A ceremony was held last Friday to celebrate the 30th anniversary of the High-level Tibetan Buddhism College of China in Beijing, capital of China.
Zhang Yijiong, Executive Vice Minister of the United Front Work Department of CPC (the Communist Party of China) Central Committee, was present and gave a speech at the ceremony.
Zhang Yijiong said the past 30 years has seen the college create a new model to train a number of monks by combining together traditional monastery teaching method with modern academy education, contributing a lot to the inheritance and development of Tibetan Buddhism.

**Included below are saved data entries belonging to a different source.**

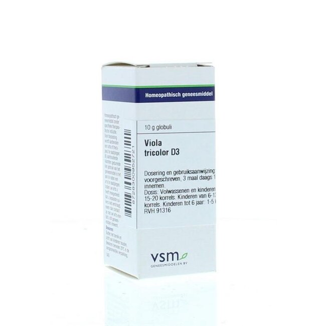 VSM Viola tricolor D3 est un médicament homéopathique sans indication thérapeutique spécifique, appliqué selon les principes de la médecine homéopathique. Il contient de la Viola tricolor D3 et du sucre de betterave (saccharose). Pour le dosage correct et le mode d'emploi – laisser fondre 1 dose dans la bouche 3 fois par jour (varie selon l'âge) – consultez toujours la notice. Lisez également les conseils de conservation et respectez la date limite...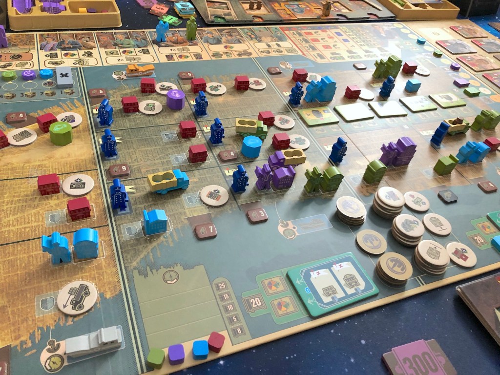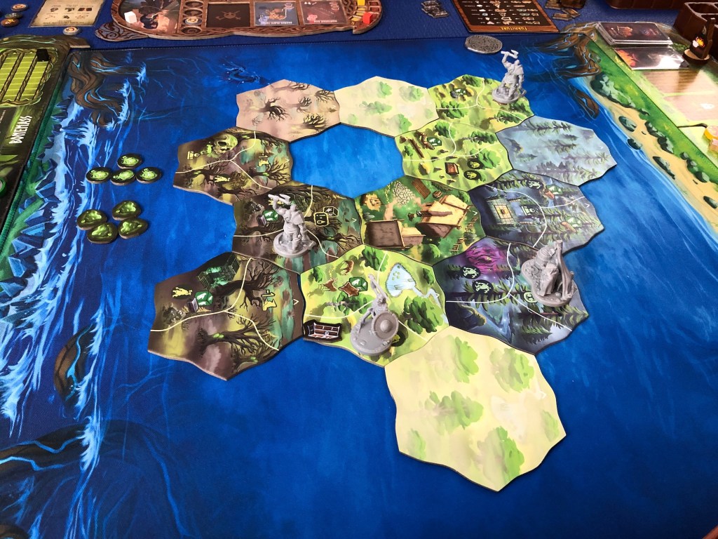 We also had some rough luck with resource rolls. We had maybe three or so rolls all game that weren’t 1s, which made collecting slow. We also had a really bad favor card come up that was going to cost us 3 time when we were already low on time, and some of the opportunities popped up in far-away spots that wasn’t worth trying to get to.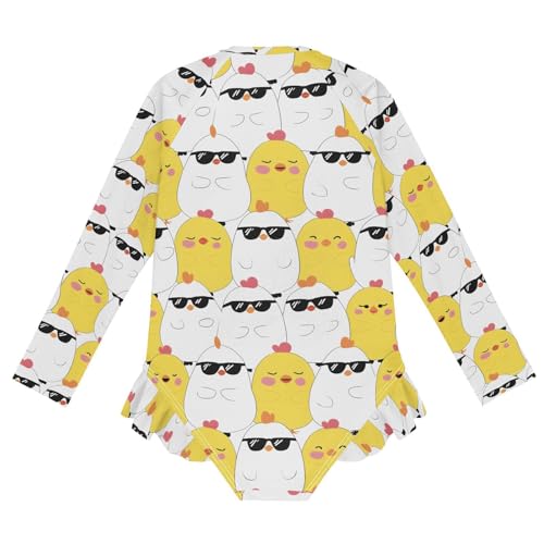 ALAZA Yellow Sunglasses Chicken Girls One Piece Swimsuit Long Sleeve Rash Guard Swimsuits UV 50+ Swimwear Zipper 4

The ceremony was presided over by Wang Zuoan, director of the State Administration for Religious Affairs of the People's Republic of China (PRC), and attended by more than 180 representatives from Buddhism colleges in Tibet and Tibetan-inhabited areas in Qinghai, Gansu, Sichuan and Yunan Province.
Proposed by the 10th Panchen Lama and Zhao Puchu, the then director of the Buddhist Association of China, the High-level Tibetan Buddhism College of China was founded in Beijing on September 1, 1987.
In 2004, it established the advanced title ranking system of Tibetan Buddhism and there are currently 148 monks who have earned advanced titles and 100 monks have become teaching masters or hold a post in Buddhist monasteries and organizations.